Project Details
The Construction of Japanese Buddhist Identities in their Entanglement with Sri Lanka, 1882 - 1893
Applicant
Stephan Licha, Ph.D.
Subject Area
Asian Studies
Religious Studies and Jewish Studies
Religious Studies and Jewish Studies
Term
from 2020 to 2023
Project identifier
Deutsche Forschungsgemeinschaft (DFG) - Project number 438846596
This project aims to elucidate the globally entangled formation of modern Buddhist identities in Asia, focusing on the activities of Japanese Buddhists in Sri Lanka and their reception and influence in Japan itself.

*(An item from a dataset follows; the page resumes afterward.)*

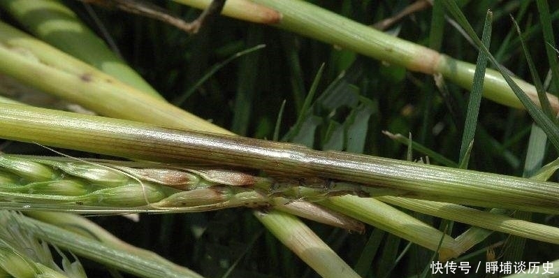 麦株拔节后,发病部位逐渐上移,产生基腐和鞘腐。抽穗前,多数病株基部1~2节的叶鞘变褐腐烂,叶鞘枯死后色泽逐渐濙化,由深褐色变为枯黄色,与病叶鞘相连叶片也变褐枯死。有时病部的茎秆上产生暗褐色稍凹陷的长条形病斑。抽穗后,植株上部叶鞘也陆续发病,此时基部病鞘上岀现子囊壳。上部叶鞘多由与叶片相连处开始发病,继而向叶片基部及叶鞘中下部扩展,病叶鞘变枯黄色至黄褐色,变色部多无明显的边缘,潮湿时,上面产生稀薄的红色霉状物。上部叶鞘发病可使旗下叶和旗叶枯死,为害严重。对矮丰3号、阿勃和孟县4号等3个品种的调查表明,叶鞘单独发病的植株占病株总数的51。3%,叶鞘和叶片全部发病的占39。5%,叶片单独发病的只占9。2%,可见鞘腐发病很普遍。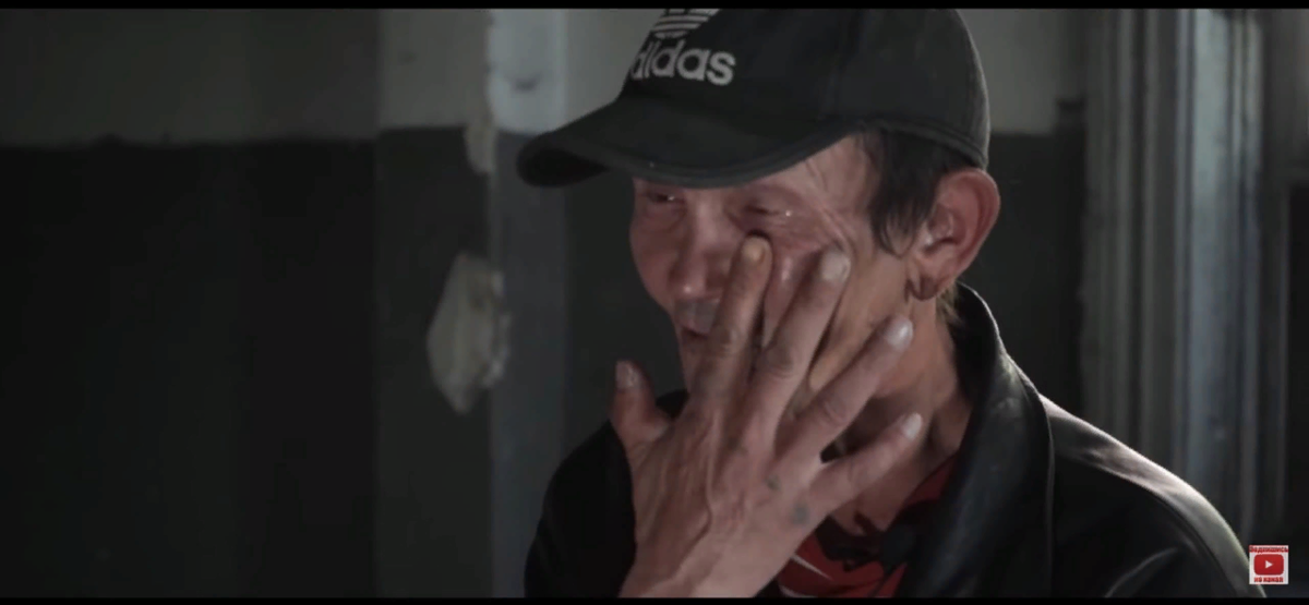 Спит Алексей среди мусора в заброшенном доме, где протекает крыша. Он спит на картоне и прикрывается им же. Несмотря на родную разруху, он остаётся человеком, о чём нам сам и говорит. Каждое утро он бреется в самодельном умывальнике и старается с его же слов: «Хоть немного походить на человека.

Previous scholarship has maintained that the “world religion Buddhism“ is but a Western construct born from an orientalist project that privileged textual sources and consequently estranged from the living experience of indigenous Asian subjectivities. In contrast, the project argues that the understanding of Japanese Buddhist of themselves as the foremost representative of an Asian world religion, which developed in the second half of the 19th century, was based on at least three factors. These were, first, the encounter of Asian scholastic with Western scholarly taxonomies of Buddhism; second, the Japanese encounter with the Pāli tradition of Sri Lanka as a “Buddhism” and the subsequent discovery of this Sri Lankan Buddhism as a “Small Vehicle” (hīnayāna) contrasted with, and inferior to, the Japanese “Great Vehicle” (mahāyāna); and, finally, the nationalist and colonial context within which these encounters took place. Building on recent work in the study of religions, which develops a post-colonial critique of attempts to ground a modern understanding of religion in an Eurocentric manner, the project demonstrates that Asian protagonists actively contributed to the modern, global understanding of “Buddhism” and even “religion” from as early as the second half of the 19th century, a full half decade earlier than hitherto assumed. Furthermore, the project shows that while Orientalism and colonialism might have provided the stage for this contribution, they were not determining it. In order to recover the importance of Asian agency and indigenous forms of knowledge, the project employs a translocal methodology, which rather than dissolving the interconnectedness of the discursive, institutional and social processes arising from the encounter of Japanese Buddhists with their Sinhalese counterparts in a global discourse instead seeks to locate it in concrete, personal and institutional networks. The project thus contributes not only to an intellectual history of the concepts “Buddhism” or “religion” but offers a more nuanced historical account of the factors that enabled the emergence of Asian national identities at the dawn of the 20th century.